Wednesday, 8 September 2010

More from Žižek

What if, in truth, intellectuals lead basically safe and comfortable lives, and in order to justify their livelihoods, construct scenarios of radical catastrophe? For many, no doubt, if a revolution is taking place, it should occur at a safe distance—Cuba, Nicaragua, Venezuela—so that, while their hearts are warmed by thinking about faraway events, they can go on promoting their careers. But with the current collapse of properly functioning welfare states in the advanced-industrial economies, radical intellectuals may be now approaching a moment of truth when they must make such clarifications: they wanted real change—now they can have it.
He is referring primarily to Horkheimer and Agamben; the latter I consider to be a particularly important target given his weirdly pronounced fashionability in the last few years.

There certainly are a lot of self-styled 'radicals' in the academy. I myself have no problem with admitting to being a lily-livered leftist who has never been anywhere near genuinely radical, let alone revolutionary, political action. My parochial, rural working class upbringing was about as far from that world as that of private schools and private jets and nothing I have done since has brought me any closer to either of these alien realms. How usual! Indeed, yet what is striking is that so many people who are just as politically irrelevant as me pretend the opposite - these are self-styled radicals.

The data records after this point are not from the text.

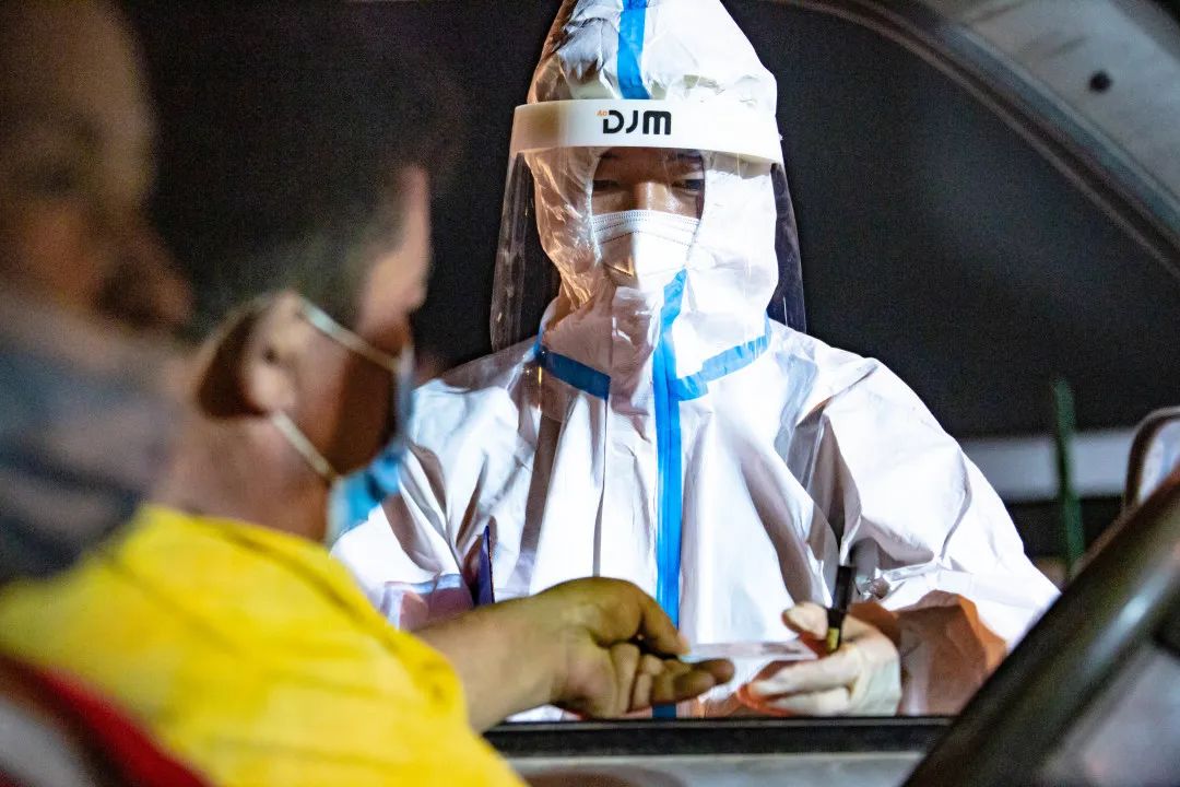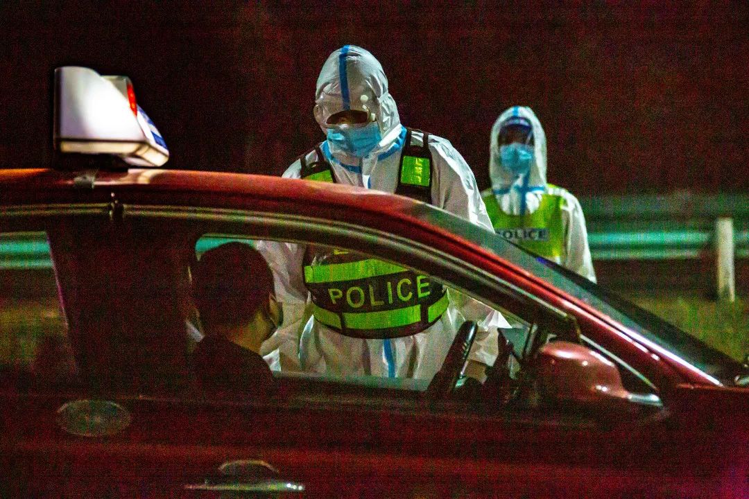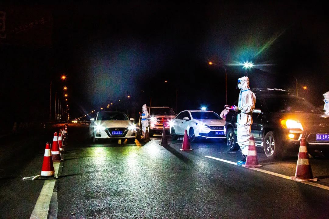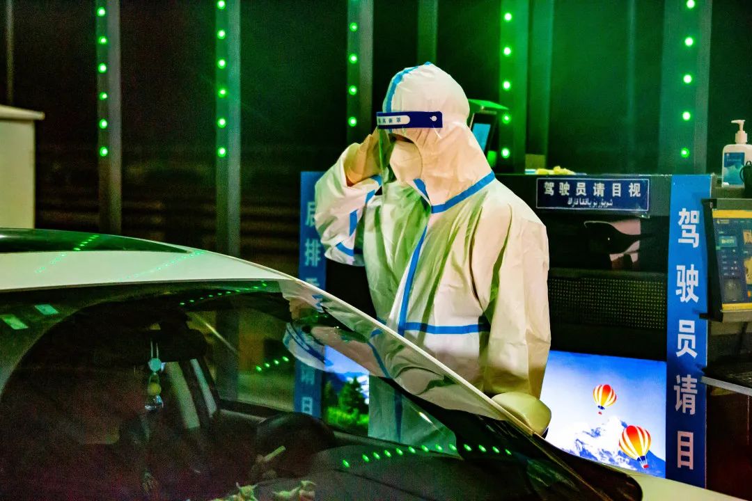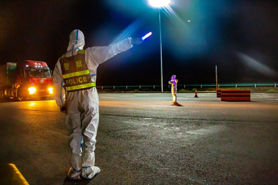 深夜里,乌鲁木齐市甘泉堡公安检查站前150米处有一群“大白”格外醒目——他们手握警灯细致耐心地引导大型货车通行;对小型客车询问来去方向,不忘叮嘱:“请佩戴好口罩,做好自身防护”。
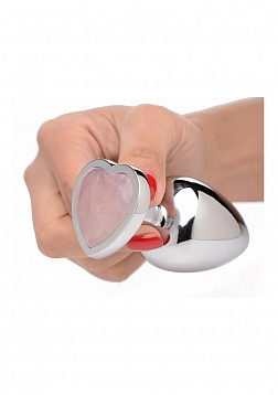 Key Features: Genuine Heart-Shaped Rose Quartz Gem: Purify and open your heart; the alluring pink Rose Quartz promotes romance and encourages self love for more fulfilling personal time Comfortably Weighted: Add a downward pull to your hole for additional stimulation and pleasure thanks to the weighty nature of these metallic butt plugs Nickel Free Aluminum Alloy: The aluminum alloy material provides a deliciously hard and smooth mass for your ass to squeeze; compatible with most lubes Great For Temperature Play: Warm or chill this gemstone butt plug in a bowl of water to add another layer of sensation while you play; perfect for veteran butt plug users looking for a new way to play
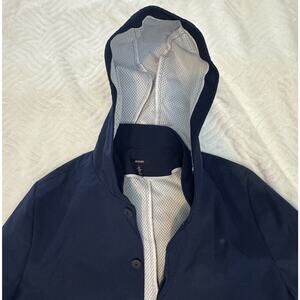 Alfani Mens Bonded Hooded Top Coat, Blue, Large
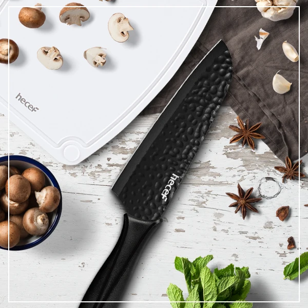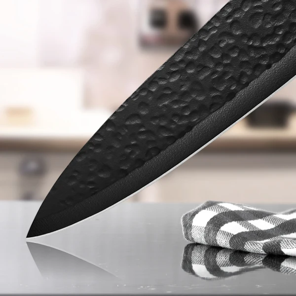 Слой покрытия обеспечивает устойчивый барьер с покрытием между сталью и окружающей средой, который может повысить устойчивость к коррозии и ржавчине, защищая лезвие не царапается твердыми веществами. Более того, весь нож выглядит фантастически и уникально с молотым лезвием, что позволяет избежать попадания пищи на лезвие и легко чистить.
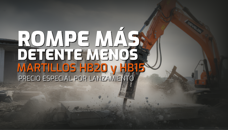 Los martillos hidráulicos DEVELON HB20 y HB15 se encuentran disponibles con precio especial por tiempo limitado, posicionándose como una alternativa más conveniente frente a otras opciones del mercado, sin comprometer potencia ni confiabilidad.
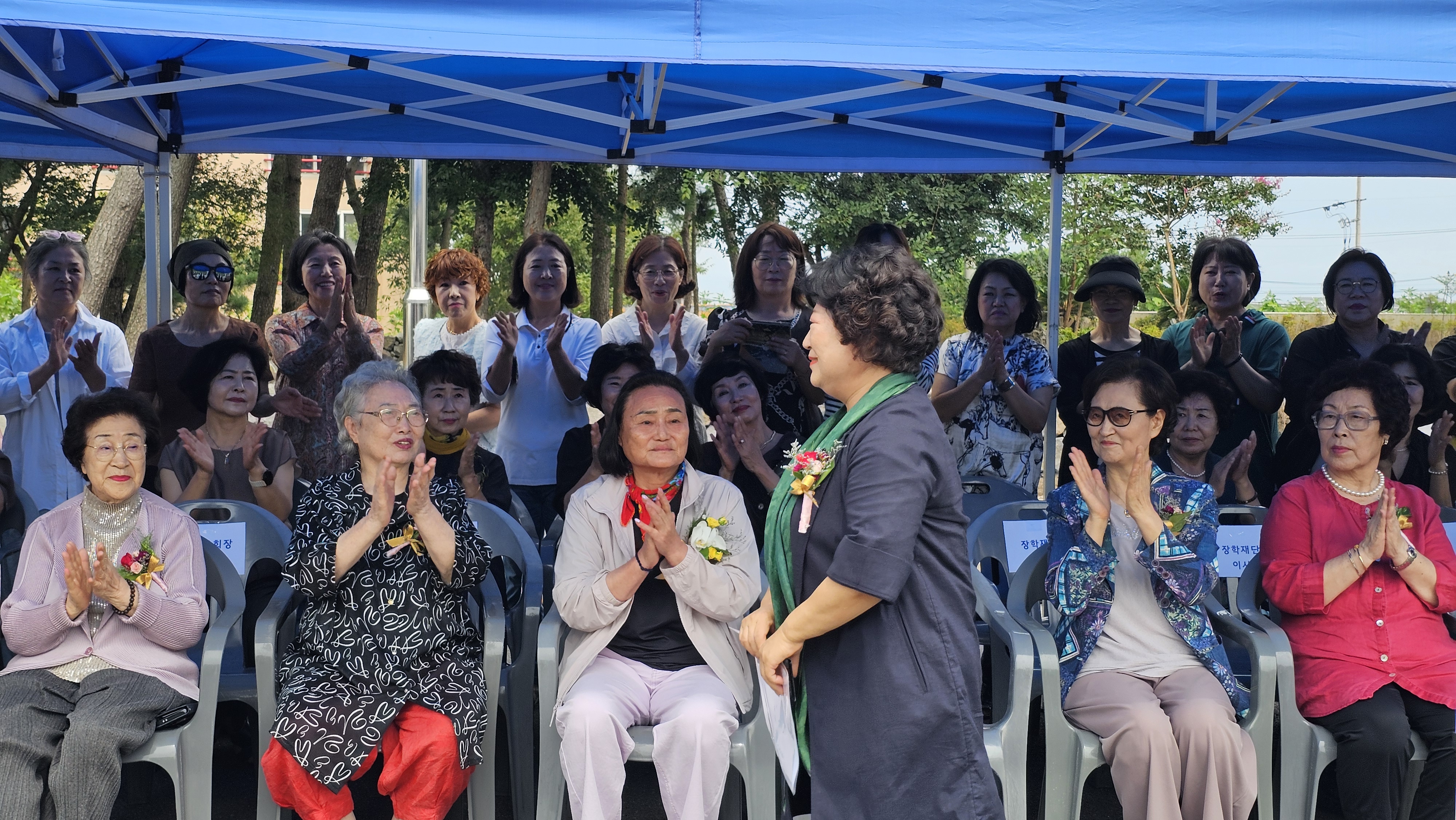 총동문회 신금이(고28) 부회장의 사회로 진행된 이번 공덕비 제막식은 국기에 대한 경례, 환영사(고숙희 총동문회장), 축하선물(꽃다발, 꽃목걸이, 화분) 증정, 인사말(조희순 건립추진위원장), 공덕비 제막식(제막줄 당기기), 사진촬영 순으로 동문에 대한 무한 긍지와 자부심으로 큰 감동을 선사했다.
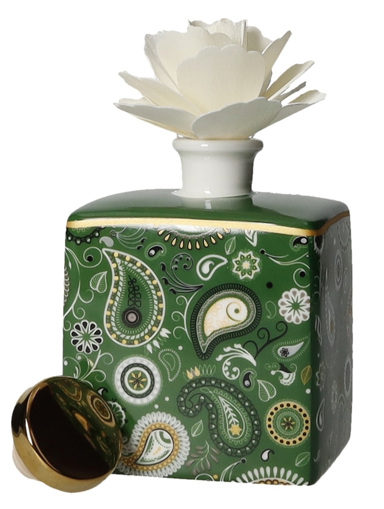 - Design: Il diffusore presenta un design elegante e moderno, caratterizzato da un motivo a paisley colorato su sfondo verde. La forma quadrata e il coperchio dorato aggiungono un tocco di raffinatezza.
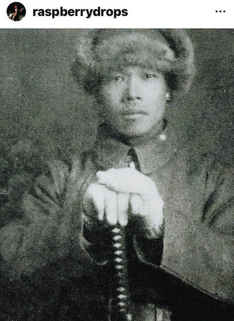 軍刀を持つ白黒写真に「私の祖父の肖像です。大正三年(1914年)生まれ。陸軍准尉」と記し、1935年から3度にわたって応召され、終戦の年45年6月にレイテ島で戦死したことを紹介した。
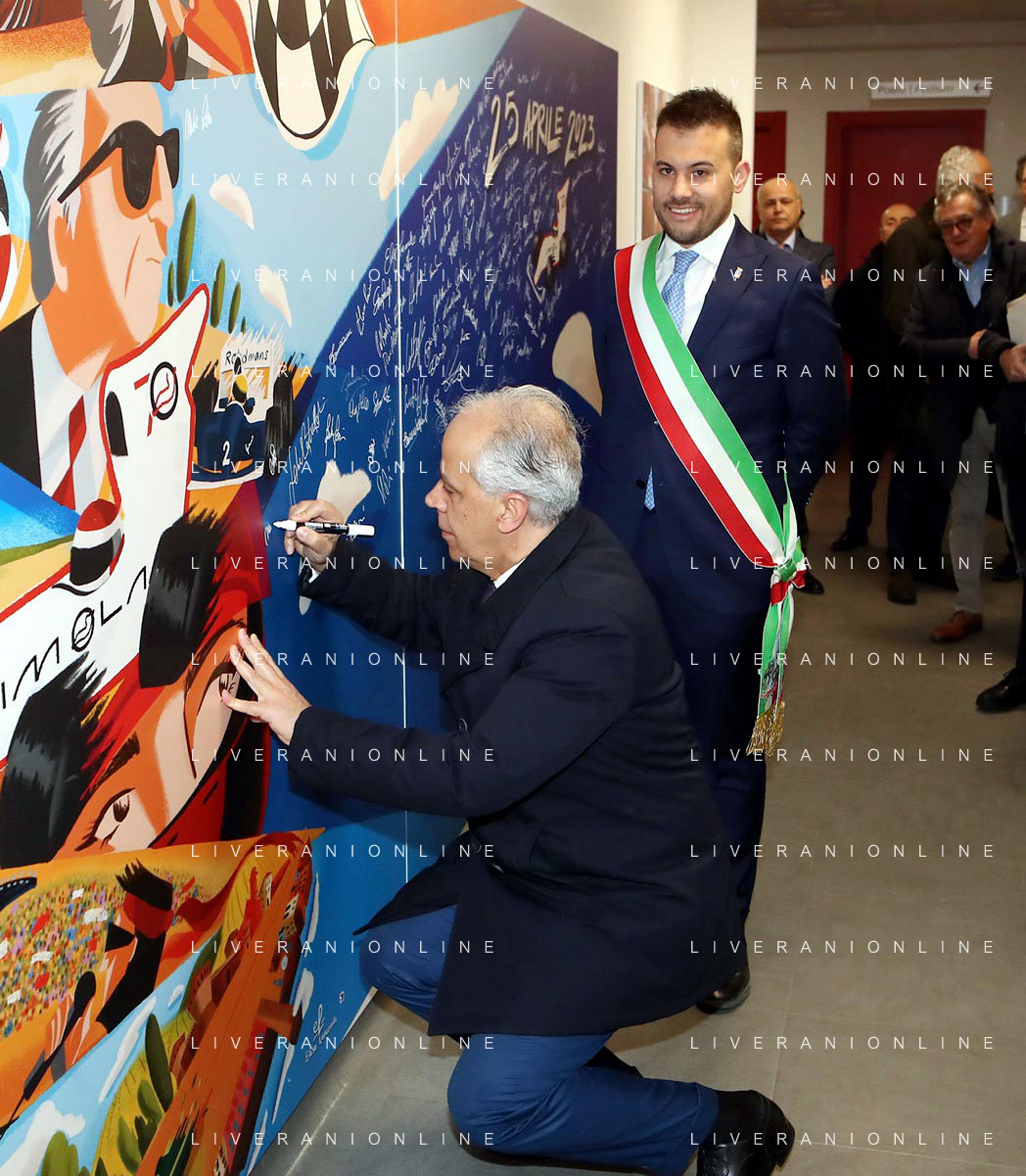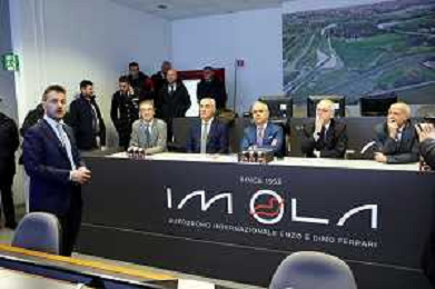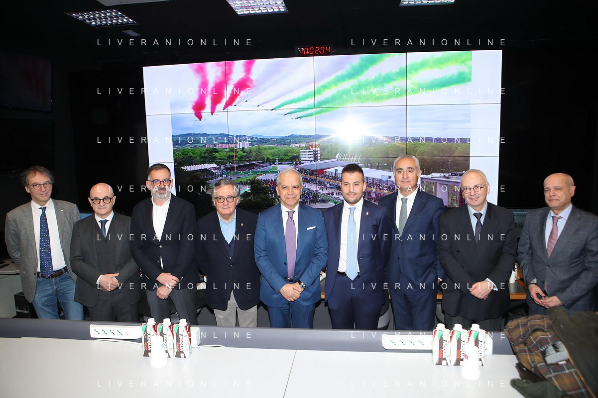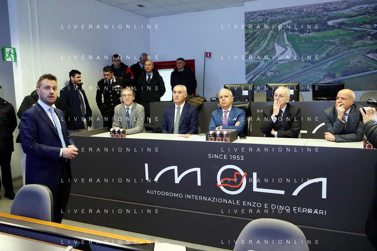 IMOLA 10 02 2024 AUTODROMO ENZO E DINO FERRARI VISITA DEL MINISTRO DELL'INTERNO MATTEO PIANTEDOSI NELLA FOTO MAGNIFICO RETTORE UNIVERSITA' DI BOLOGNA GIOVANNI MOLARI,CAPUZZIMATI GIACOMO DIRETTORE CON.AMI,PIETRO BENVENUTI DIRETTORE AUTODROMO IMOLA,GIANCARLO MINARDI PRESIDENTE FORMULA IMOLA,MINISTRO DELL'INTERNO MATTEO PIANTEDOSI,SINDACO MARCO PANIERI,FABIO BACCHILEGA PRESIDENTE CON.AMI E ULTIMO,ANTONIO SBORDONE QUESTORE DI BOLOGNA ©SANNA/AGENZIA ALDO LIVERANI SAS
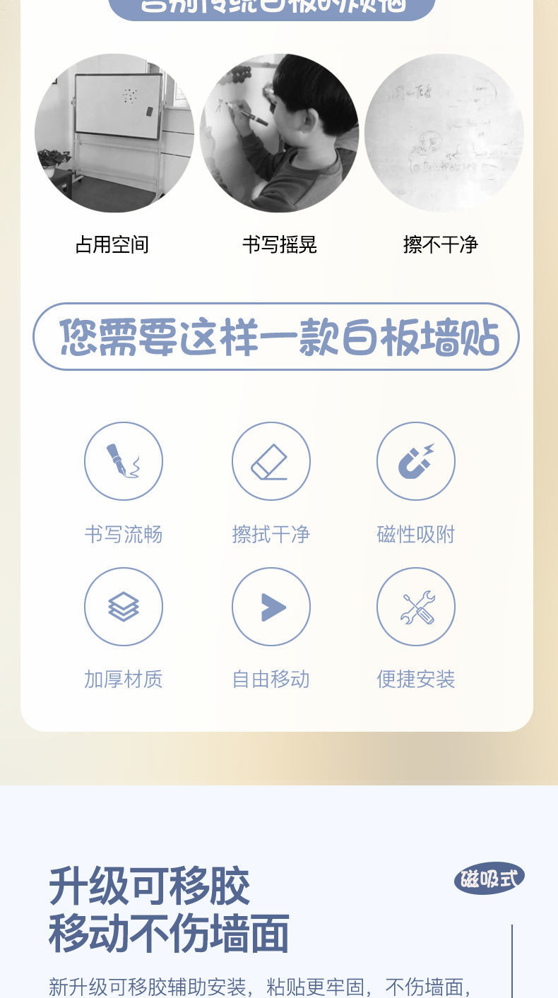 【最低價】【公司貨】磁性不傷墻軟白板墻貼可移除兒童涂鴉家用辦公可擦寫黑板貼掛墻紙 7
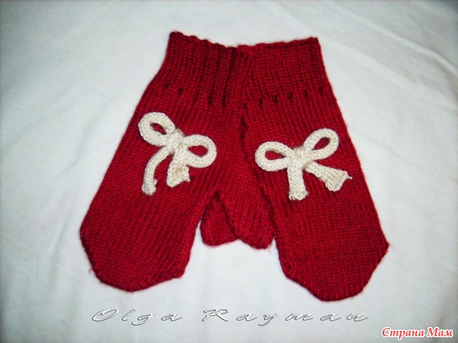 Варежки с пальчиком-клином для девочки 2-3 лет, связанны на однофонтурной машине Нева5.
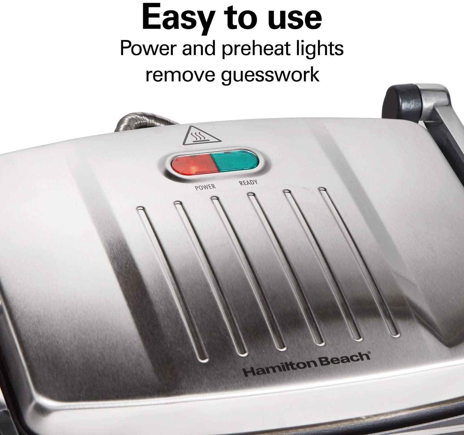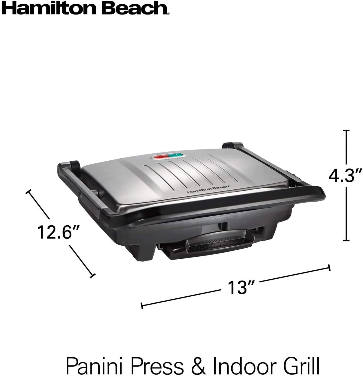 Get restaurant results at home for a fraction of the cost With the Hamilton Beach Panini press & indoor grill. Using your own fresh ingredients, you can make everything from a basic grilled cheese to a mouth-watering Reuben sandwich. Thanks to a café-style floating lid that evenly presses sandwiches of all sizes, how thick or thin you’d like your sandwich is up to you. The grill is easy to use, since power and preheat lights let you know when it is ready. The 95 square inch cooking surface gives you plenty of space to make more than one sandwich at the same time. When finished, the Nonstick grid cleans up easily.
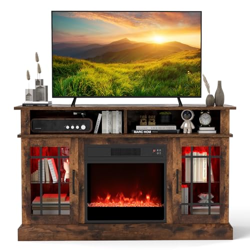 COSTWAY Electric Fireplace Insert TV Stand, Entertainment Center Console Table for 50" TVs with RGB LED Lights, Adjustable Flame, Overheat Protection Fireplace Heater & Remote Controls (Rustic Brown)
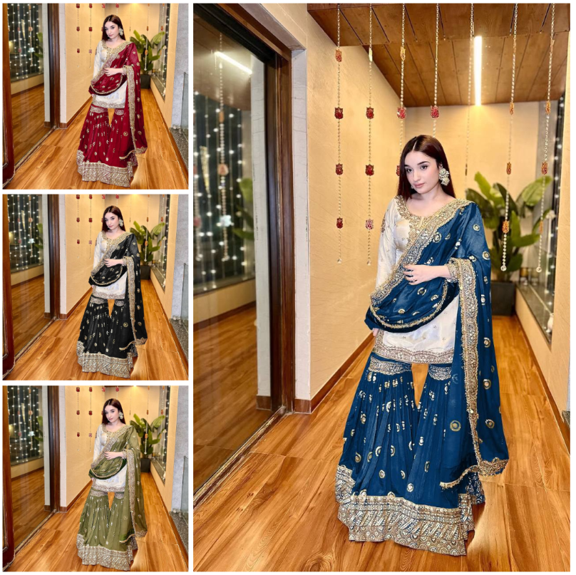 คู่ชาราสีขาวและสีฟ้าของนักออกแบบมีสไตล์ผ้าชินอนพร้อมงานเย็บปักถักร้อยตามลำดับสำหรับสตรีที่สวมใส่ในงานเทศกาล
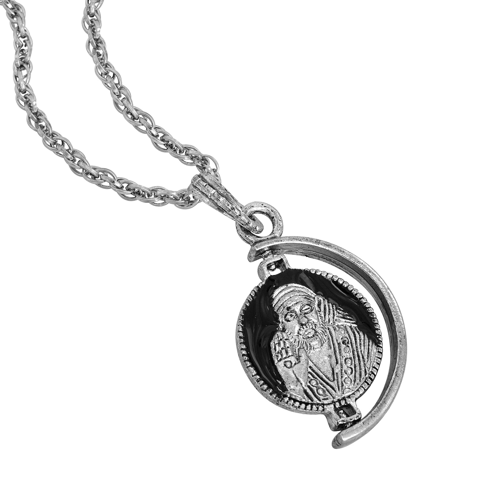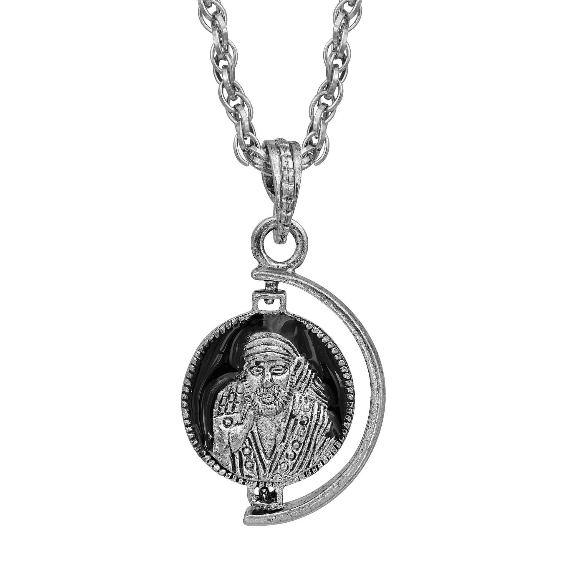 Oxidized Silver Plated round coin shape shirdi sai baba spiritual ethnic pendant

Times of potential political change, such as the present one, show much self-styled radicalism to be exactly what it is - so much hot air. 'You wanted change and decried its enforced impossibility - now it is there for the taking; take it!' No taking, no changing; there is nothing to say. Nothing in the academic production cycle allows for its relevance: it takes years to publish anything and nobody reads journals anyway. Besides, its not like anyone has anything in particular to say despite spraying words like 'emancipatory' and 'liberating' across their essays like piss up a brick wall.

At least Žižek gets people interested and he usually has something to say.